Holders of our common stock are entitled to share in all dividends that our Board of Directors, in its discretion, declares from legally available funds. In the event of a liquidation, dissolution or winding up, each outstanding share entitles its holder to participate pro rata in all assets that remain after payment of liabilities and after providing for each class of stock, if any, having preference over our common stock. Our common stock has no preemptive, subscription or conversion rights and there are no redemption provisions applicable to our common stock.

 

Preferred Stock

 

We are authorized to issue up to 25,000,000 shares of preferred stock, par value $0.001 per share.

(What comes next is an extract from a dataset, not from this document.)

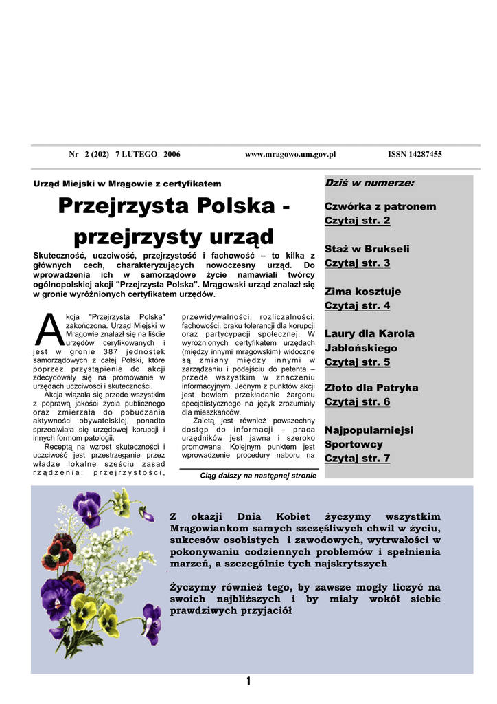 Magazyn Mrągowski Nr 2 (202) 7 LUTEGO 2006 www.mragowo.um.gov.pl Urząd Miejski w Mrągowie z certyfikatem Przejrzysta Polska przejrzysty urząd Skuteczność, uczciwość, przejrzystość i fachowość – to kilka z głównych cech, charakteryzujących nowoczesny urząd. Do wprowadzenia ich w samorządowe życie namawiali twórcy ogólnopolskiej akcji "Przejrzysta Polska". Mrągowski urząd znalazł się w gronie wyróżnionych certyfikatem urzędów. A kcja "Przejrzysta Polska" zakończona. Urząd Miejski w Mrągowie znalazł się na liście urzędów ceryfikowanych i jest w gronie 387 jednostek samorządowych z całej Polski, które poprzez przystąpienie do akcji zdecydowały się na promowanie w urzędach uczciwości i skuteczności. Akcja wiązała się przede wszystkim z poprawą jakości życia publicznego oraz zmierzała do pobudzania aktywności obywatelskiej, ponadto sprzeciwiała się urzędowej korupcji i innych formom patologii. Receptą na wzrost skuteczności i uczciwość jest przestrzeganie przez władze lok alne sześciu zasad rządzenia: przejrzystości, przewidywalności, rozliczalności, fachowości, braku tolerancji dla korupcji oraz partycypacji społecznej. W wyróżnionych certyfikatem urzędach (między innymi mrągowskim) widoczne są zmiany między innymi w zarządzaniu i podejściu do petenta – przede wszystkim w znaczeniu informacyjnym. Jednym z punktów akcji jest bowiem przekładanie żargonu specjalistycznego na język zrozumiały dla mieszkańców. Zaletą jest również powszechny dost ęp do informacji – praca urzędników jest jawna i szeroko promowana. Kolejnym punktem jest wprowadzenie procedury naboru na ISSN 14287455 Dziś w numerze: Czwórka z patronem Czytaj str. 2 Staż w Brukseli Czytaj str. 3 Zima kosztuje Czytaj str. 4 Laury dla Karola Jabłońskiego Czytaj str. 5 Złoto dla Patryka Czytaj str. 6 Najpopularniejsi Sportowcy Czytaj str. 7 Ciąg dalszy na następnej stronie Z okazji Dnia Kobiet życzymy wszystkim Mrągowiankom samych szczęśliwych chwil w życiu, sukcesów osobistych i zawodowych, wytrwałości w pokonywaniu codziennych problemów i spełnienia marzeń, a szczególnie tych najskrytszych Życzymy również tego, by zawsze mogły liczyć na swoich najbliższych i by miały wokół siebie prawdziwych przyjaciół 1 Magazyn Mrągowski Przejrzysta Polska przejrzysty urząd, cd. Rocznica powstania Armii Krajowej każdy wakat w urzędzie – stąd liczne konkursy na stanowiska pracy, ogłaszane przez urząd. - Liczymy na to, że wysiłek włożony w realizację zadań zostanie doceniony przez społeczność lokalną i spowoduje wzrost zaufania naszych mieszkańców, a także potencjalnych inwestorów. Deklarujemy jednocześnie, że nadal będziemy wprowadzać w życie zasady programu „Przejrzysta Polska” - mówią władze miasta. Organizatorami akcji byli: Gazeta Wyborcza, Fundacja Agory, PolskoAmerykańska Fundacja Wolności, Program Przeciw Korupcji Fundacji im. Stefana Batorego, Fundacja Rozwoju Demokracji Lokalnej, Centrum Edukacji Obywatelskiej i Bank Światowy. Sześćdziesiątą czwartą rocznicę powstania Armii Krajowej obchodził Zespół Szkół nr 4 w Mrągowie. Komendant główny AK, Stefan „Grot” Rowecki jest bowiem patronem szkoły. Czwórka z patronem P atronem Zespołu Szkół nr 4 jest generał Stefan Grot Rowecki, komendant główny AK. Placówka od lat współpracuje z mrągowskim kołem Światowego Związku Żołnierzy AK. Kombatanci spotykają się z Głównymi bohaterami uroczystości byli kombatanci SKRÓTEM Program o Mrągowie Użytkownicy telewizji kablowej mogą codziennie obejrzeć program z Mrągowa i okolic. Emituje go stacja Tele - Top, a programy powstają we współpracy z samorządem. Program emitowany jest co cztery godziny: 13.30, 17.30, 21.30 i 1.30. Jego zadaniem jest promocja miasta oraz prezentacja instytucji oraz lokalnych przedsięwzięć. Dobrzy policjanci Mrągowscy policjanci wyróżnieni. W rankingu najlepszych komend w województwie mrągowska zajęła drugie miejsce. Pod uwagę brany był postęp w wykrywaniu przestępstw oraz ich zapobieganiu. Jak wyliczył komendant mrągowskiej policji Wiesław Skudelski, liczba przestępstw w powiecie mrągowskim wciąż maleje. Maleje również liczba kradzieży samochodów - jeszcze dwa lata temu zanotowano ich aż 77, teraz jest ich dwukrotnie mniej. Policjanci zapowiadają, że teraz, wyróżnieni, będą pracować jeszcze lepiej. W obchodach wzięli udział kombatanci, przedstawiciele lokalnych organizacji i władze miasta. Uroczystość połączona była z konkursem wiedzy o patronie i przeglądem piosenki patriotycznej i p a r t y z a n c k i e j . Przygotowanie oceniała specjalna komisja w składzie: burmistrz Otolia Siemieniec, dyrektor ZS4 Mariola Dziamałek, przedstawiciele ŚWŻAK Antoni Jabłoński i Tadeusz Reczek oraz przewodniczący Rady Rodziców, Krzyszto f Skwira. Największą wiedzą wykazał się Mateusz Szumowski, zaś najwięcej punktów za piosenkę otrzymała Sandra Banach. uczniami, by przybliżyć im historię II wojny światowej. „On jeden, tylko on jeden mógł powiedzieć - Armia Krajowa to ja” - te słowa szefa sztabu Komendy Głównej AK Tadeusza Pełczyńskiego, wypowiedziane o S t e fa n i e G r o ci e R o w e c k i m wspominali na uroczystości uczniowie Zespołu Szkół nr 4. Komisja oceniała wiedzę i talent muzyczny uczestników konkursu Mrągowskie przyspieszenie Nowe mieszkania w koszarach Przed planowanym terminem, pod koniec lutego, mrągowskie Przedsiębiorstwa Budownictwa Ogólnego oddało do użytku 11 mieszkań na terenie koszar. Nowe mieszkania komunalne w Mrągowie to dobra wiadomość dla tych, których nie stać na własne M. Jedenaście mieszkań, wykończonych i wyposażonych nowocześniej niż standardowe mieszkania komunalne otrzymali ci, którzy byli na tak zwanej liście oczekujących lub wcześniej mieszkali w kamienicach, przeznaczonych do wyburzeń. W wyremontowanym budy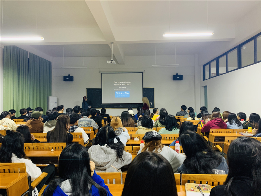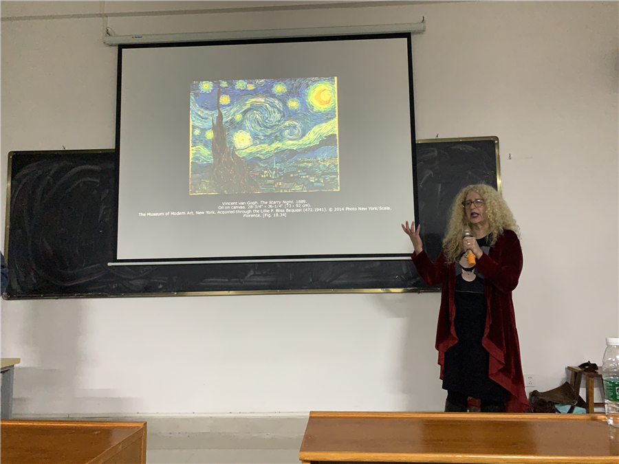 晚上7:30分,美国芬兰迪亚大学艺术学院院长丹尼斯莅临我校美术学院艺术楼314讲授《西方美术简史》课程,现场座无虚席。丹尼斯院长介绍了西方的代表画家作品,并多角度、全方位地对西方美术史进行解读。

Of these shares of preferred stock, 1,000,000 are designated as Series A Redeemable Convertible Preferred Stock; 500,000 are designated as Series B Redeemable Convertible Preferred Stock; 2,500 shares are designated as Series C Redeemable Convertible Preferred Stock. As of December 31, 2020, there were 7,040 shares of Series A Redeemable Convertible Preferred Stock outstanding; 125,000 shares of Series B Redeemable Convertible Preferred Stock outstanding and no shares of Series C Redeemable Convertible Preferred Stock outstanding.

 

The shares of preferred stock may be issued in series, and shall have such voting powers, full or limited, or no voting powers, and such designations, preferences and relative participating, optional or other special rights, and qualifications, limitations or restrictions thereof, as shall be stated and expressed in the resolution or resolutions providing for the issuance of such stock adopted from time to time by the board of directors. The board of directors is expressly vested with the authority to determine and fix in the resolution or resolutions providing for the issuances of preferred stock the voting powers, designations, preferences and rights, and the qualifications, limitations or restrictions thereof, of each such series to the full extent now or hereafter permitted by the laws of the State of Delaware.

 

The authorized shares of preferred stock will be available for issuance without further action by our stockholders unless such action is required by applicable law or the rules of any stock exchange or automated quotation system on which our securities may be listed or traded. The NYSE American currently requires stockholder approval as a prerequisite to listing shares in several circumstances, including, in certain circumstances, where the issuance of shares could result in an increase in the number of shares of common stock outstanding, or in the amount of voting securities outstanding, of at least 20%.

 

  
 

 

Transfer Agent and Registrar

 

The Transfer Agent and Registrar for our common stock is Computershare, 8742 Lucent Blvd., Suite 225, Highlands Ranch, CO 80129.